5 Downstream Functional / Pathway Analysis (Task 4)

In this section we use the limma FPKM-based differential expression results to construct gene sets for downstream enrichment analysis and explore which biological processes are over-represented among tumor-up and tumor-down genes.

5.1 Prepare Gene Lists

stopifnot(exists("res_limma_df"), exists("alpha"), exists("logfc_cutoff"))

cat("\nSummary of regulation categories used for gene lists (up/down/ns):\n")
## 
## Summary of regulation categories used for gene lists (up/down/ns):
print(table(res_limma_df$regulation))
## 
##  down    ns    up 
##   881 18054   937
# Background (universe) = all genes tested by limma

gene_universe <- res_limma_df$gene_id
cat("\nSize of gene universe (all tested genes):", length(gene_universe), "\n")
## 
## Size of gene universe (all tested genes): 19872
# Up- and down-regulated genes

res_limma_up_df <- res_limma_df %>%
  dplyr::filter(regulation == "up") %>%
  dplyr::arrange(adj.P.Val, dplyr::desc(abs(logFC)))

genes_up_tumor <- res_limma_up_df$gene_id

res_limma_down_df <- res_limma_df %>%
  dplyr::filter(regulation == "down") %>%
  dplyr::arrange(adj.P.Val, dplyr::desc(abs(logFC)))

genes_down_tumor <- res_limma_down_df$gene_id

cat("\nNumber of significantly up-regulated genes (tumor > normal):",
    length(genes_up_tumor), "\n")
## 
## Number of significantly up-regulated genes (tumor > normal): 937
cat("Number of significantly down-regulated genes (tumor < normal):",
    length(genes_down_tumor), "\n")
## Number of significantly down-regulated genes (tumor < normal): 881
# All DE genes (up + down)

res_limma_de_df <- res_limma_df %>%
  dplyr::filter(regulation != "ns") %>%
  dplyr::arrange(adj.P.Val, dplyr::desc(abs(logFC)))

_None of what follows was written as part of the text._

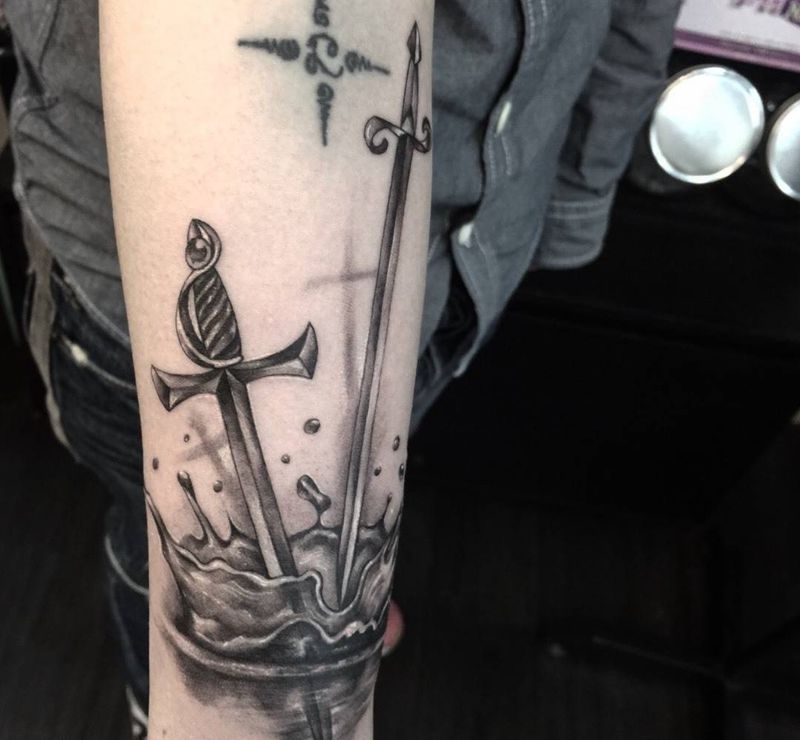 双刃入水(原創)纹身图片_成品手稿手部手臂欧美写实清新原创静物設計纹身图案

genes_de_all <- res_limma_de_df$gene_id

cat("Number of all DE genes (up + down):", length(genes_de_all), "\n")
## Number of all DE genes (up + down): 1818
# Ranked list for GSEA-style methods (signed -log10 p-value)

rank_stat <- with(res_limma_df, sign(logFC) * -log10(P.Value + 1e-300))

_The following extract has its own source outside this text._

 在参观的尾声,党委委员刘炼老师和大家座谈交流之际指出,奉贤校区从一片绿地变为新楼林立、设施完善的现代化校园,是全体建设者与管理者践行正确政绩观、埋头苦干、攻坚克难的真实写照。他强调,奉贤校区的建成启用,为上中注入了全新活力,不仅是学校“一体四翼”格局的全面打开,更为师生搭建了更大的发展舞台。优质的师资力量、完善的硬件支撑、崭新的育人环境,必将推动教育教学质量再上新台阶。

rank_df_unique <- res_limma_df %>%
  dplyr::mutate(rank_stat = rank_stat) %>%
  dplyr::arrange(P.Value) %>%
  dplyr::distinct(gene_id, .keep_all = TRUE)

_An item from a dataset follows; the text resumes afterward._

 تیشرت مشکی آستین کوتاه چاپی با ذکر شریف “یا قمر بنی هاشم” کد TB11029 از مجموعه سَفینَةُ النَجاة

ranked_genes <- rank_df_unique$rank_stat
names(ranked_genes) <- rank_df_unique$gene_id

cat("\nConstructed ranked gene list for GSEA-style analysis with",
    length(ranked_genes), "unique genes.\n")
## 
## Constructed ranked gene list for GSEA-style analysis with 19872 unique genes.
# Persist lists to results/

if (!dir.exists("results")) dir.create("results", recursive = TRUE)

readr::write_tsv(
  tibble::tibble(gene_id = genes_up_tumor),
  file.path("results", "gene_list_up_tumor.tsv")
)

readr::write_tsv(
  tibble::tibble(gene_id = genes_down_tumor),
  file.path("results", "gene_list_down_tumor.tsv")
)

readr::write_tsv(
  tibble::tibble(gene_id = genes_de_all),
  file.path("results", "gene_list_all_de.tsv")
)

readr::write_tsv(
  tibble::tibble(
    gene_id = names(ranked_genes),
    rank_stat = as.numeric(ranked_genes)
  ),
  file.path("results", "ranked_gene_list_gsea_style.tsv")
)

cat("\nSaved gene lists and ranked list to results/:\n")
## 
## Saved gene lists and ranked list to results/:
cat(" - gene_list_up_tumor.tsv\n")
##  - gene_list_up_tumor.tsv
cat(" - gene_list_down_tumor.tsv\n")
##  - gene_list_down_tumor.tsv
cat(" - gene_list_all_de.tsv\n")
##  - gene_list_all_de.tsv
cat(" - ranked_gene_list_gsea_style.tsv\n")
##  - ranked_gene_list_gsea_style.tsv

5.2 Run Enrichment Analysis

stopifnot(exists("gene_universe"), exists("genes_up_tumor"), exists("genes_down_tumor"))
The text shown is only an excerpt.